And I think instead of deriving Copy, you can impl operations both on the values as well as on the references (or AsRef?)

LaurentMazare commented 10 months ago

Both of these are actually already done :)

timokoesters commented 10 months ago

Oh that's great, maybe I was using an old version, or it only worked one way.

timokoesters commented 10 months ago

It looks like Tensor + Result is implemented, but not Result + Tensor or Result + Result. It also doesn't work for methods like broadcast_div.

I have another related problem: I'm unable to write a rusty variant for modifying a single index: var[2, 3] += 1, is there a method that can help me with that?

LaurentMazare commented 10 months ago

Re Result + Result I think this is because of the foreign trait limitation of rust so not much that we can do here. Re assigning single values in place, we don't really have an op to do this and it's on purpose as these tend to be really inefficient so we prefer favoring more functional approaches and avoiding accessing data by index. I don't think this has been an issue for all the models we've been looking at so far but if there are some specific models for which this would be a limitation, certainly curious to hear about them.

timokoesters commented 10 months ago

Sorry, you are correct on the Result+Result, but the other combinations will work, as you can see in my example. An idea to even allow result+result is to have all operations return Tensor, but hide the Result internally and only expose it with some getter methods.

I am redoing the "Neural networks from zero to hero" with Candle and one of the first things is building a character combination count matrix (https://youtu.be/PaCmpygFfXo?feature=shared&t=574). This adds 1 to specific entries in the matrix. Another use case would be implementing one-hot encoding.

Anyway, thanks for your quick answers!

timokoesters commented 10 months ago

most common thing is not really the GPU going down but more the GPU running out of memory, using invalid shape

These sound like unrecoverable errors, so it could be okay to panic in these cases?

chronicl commented 10 months ago

Making tensors Copy could be achieved by having some global state hold all the information of the tensors and making the tensors themselves ids for retrieving that information. This is commonly done in rust whenever you want a type to be Copy for ergonomic reasons, for example in leptos's reactive systems. Of course this comes along with all of the caveats of dealing with global state.

I do like this idea:

hide the Result internally and only expose it with some getter methods.

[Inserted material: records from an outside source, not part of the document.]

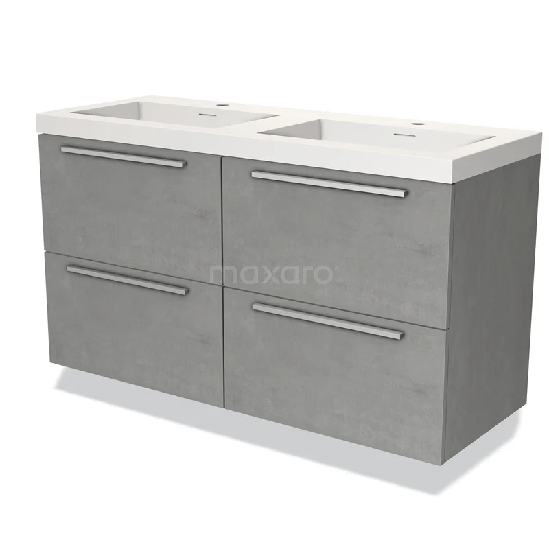 Modulo Waschtische | 120 cm Hellgrauer Beton Flach front Solid Surface 4 Schubladen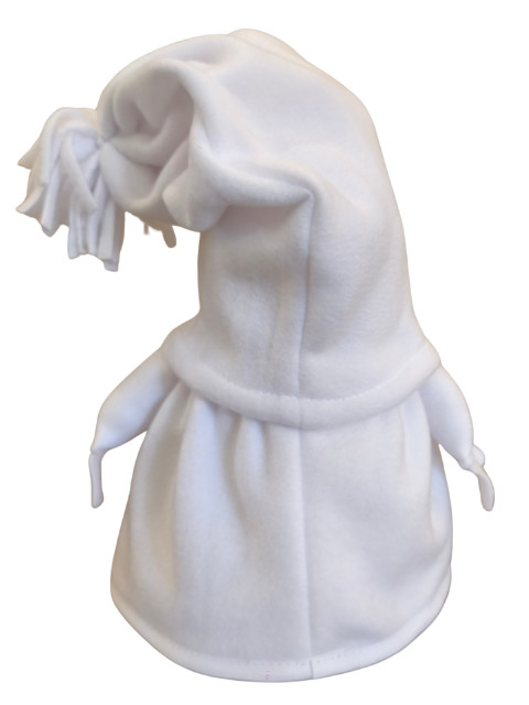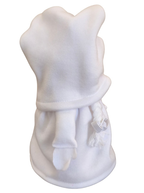 Szoknyája és sapkája fehér polár anyagból készült, amely a tél tisztaságát és a minimalista, egyszerű stílust idézi.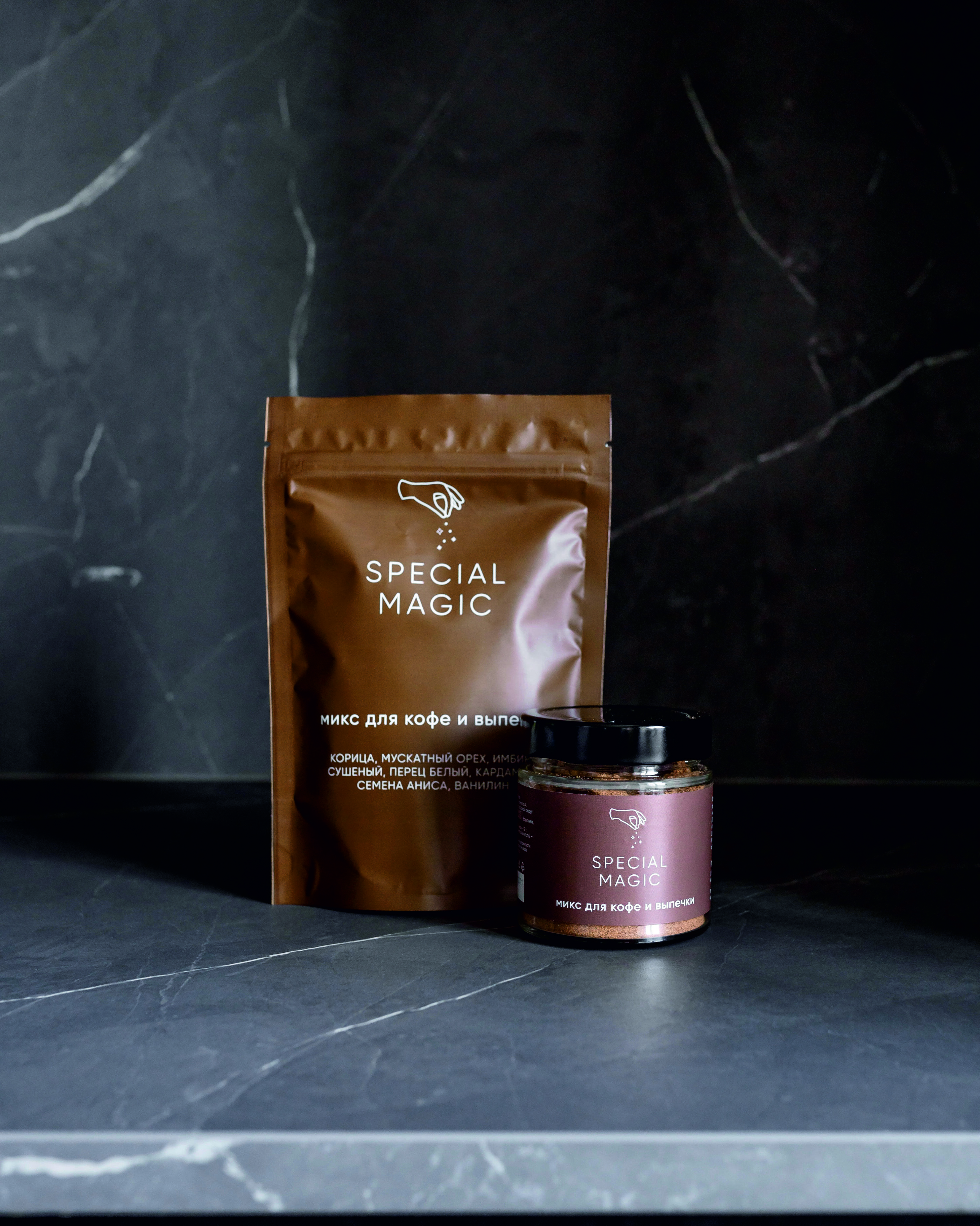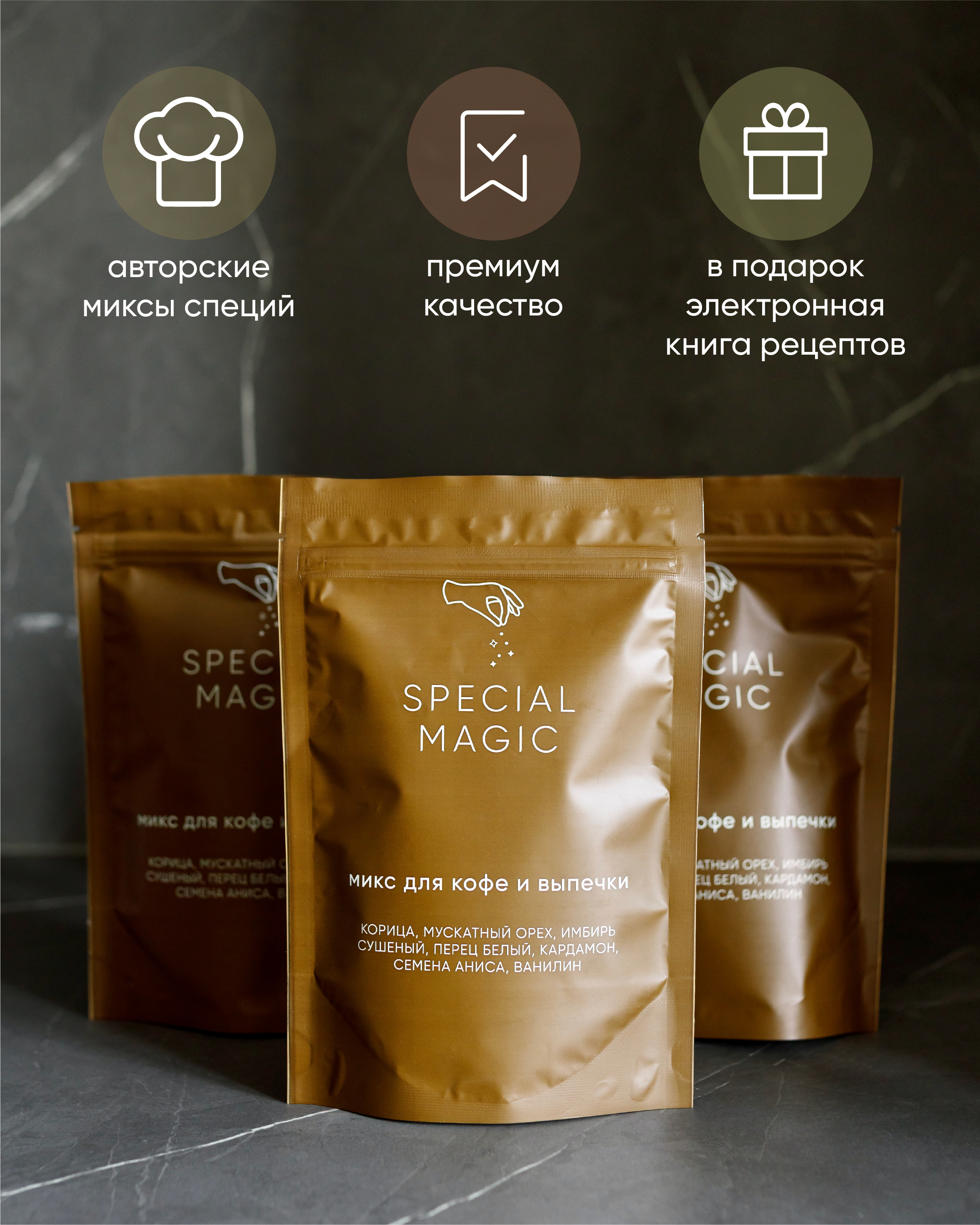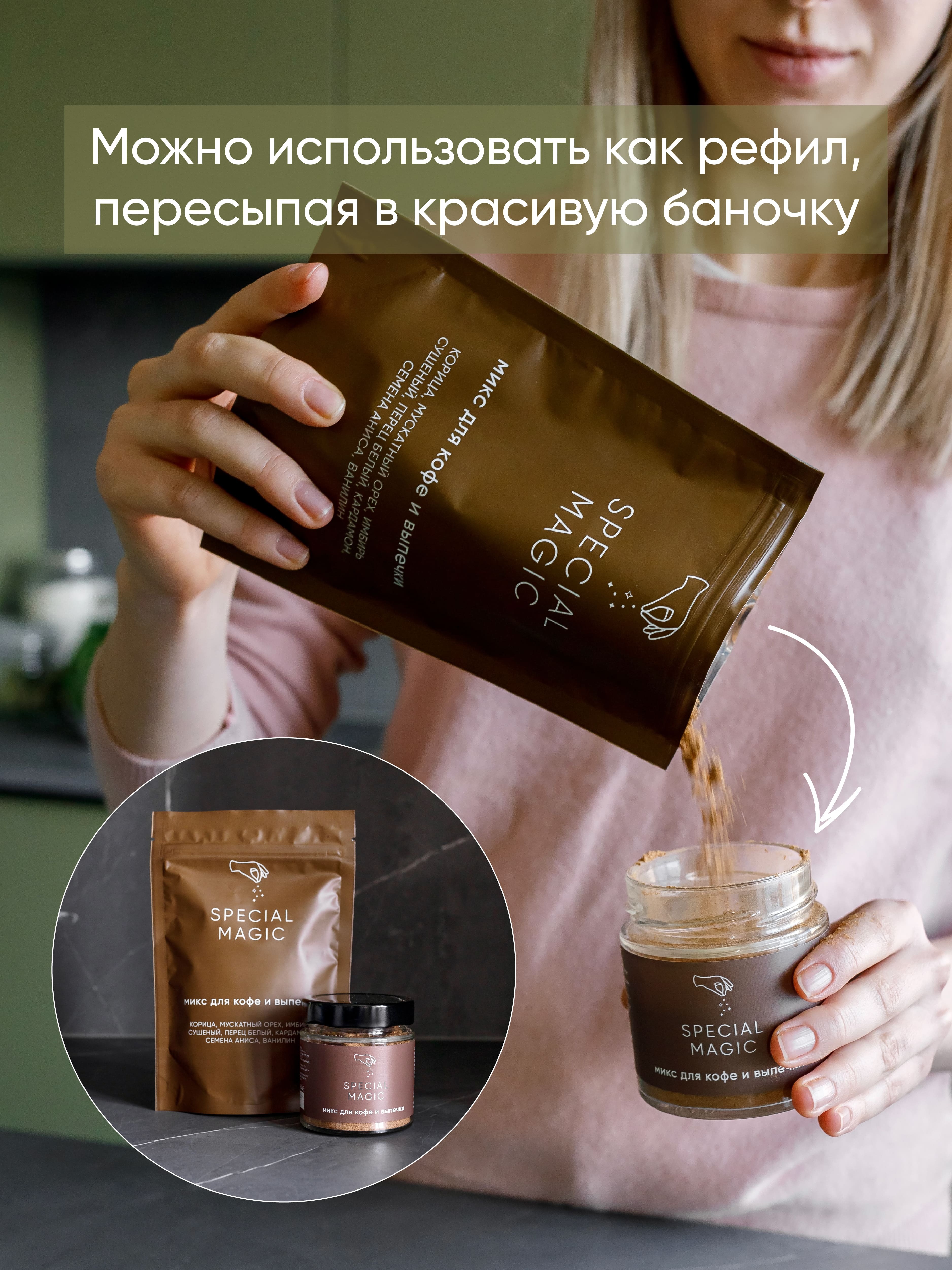 Микс специй и приправ Special Magic для кофе и выпечки не содержит ГМО, сахара, соли, крахмала. 100% чистый состав из премиум сырья. Это авторский продукт, разработан автором кулинарных бестселлеров - Марией Шелушенко, и произведен на профессиональном оборудовании с соблюдением всех норм и правил. А упаковка дой-пак с замком зип-лок позволит защитить смесь от попадания влаги и посторонних запахов.

this would allow for more ergonomic math and allow users to choose when they want to return early due to an error (if at all). I believe Rust's track_caller can be used to track the location of where the error actually happened, so we wouldn't lose that information.

LaurentMazare commented 10 months ago

most common thing is not really the GPU going down but more the GPU running out of memory, using invalid shape

These sound like unrecoverable errors, so it could be okay to panic in these cases?

I don't really agree with this. Imagine you have a server that runs inference and somehow your gpu runs oom, I feel that you would want some proper error handling at this point so that you can stop the current computation but not the whole server, (and catching the panic to do this would sound sketchy).

Narsil commented 10 months ago

100% on this. Having implemented a few servers, panicking is not great !

cchance27 commented 7 months ago

Trying my first hand at math with candle, and just ran into something... is Add only available really for f64? Not u32, etc?

LaurentMazare commented 7 months ago

Trying my first hand at math with candle, and just ran into something... is Add only available really for f64? Not u32, etc?

Right, it's just a convenient shortcut. If you want to add an u32, you can do something like tensor.broadcast_add(&Tensor::new(42u32, tensor.device())?)?.

cchance27 commented 7 months ago

Not gonna lie, I’m sorta an idiot as I figured I could use broadcast_add but then was like “wtf it takes a tensor, not a u32…. I’m so confused… completely forgetting I could just create a single value tensor lol

asukaminato0721 commented 1 month ago

Oh, I currently use tensor.affine(1., 42.)? lol.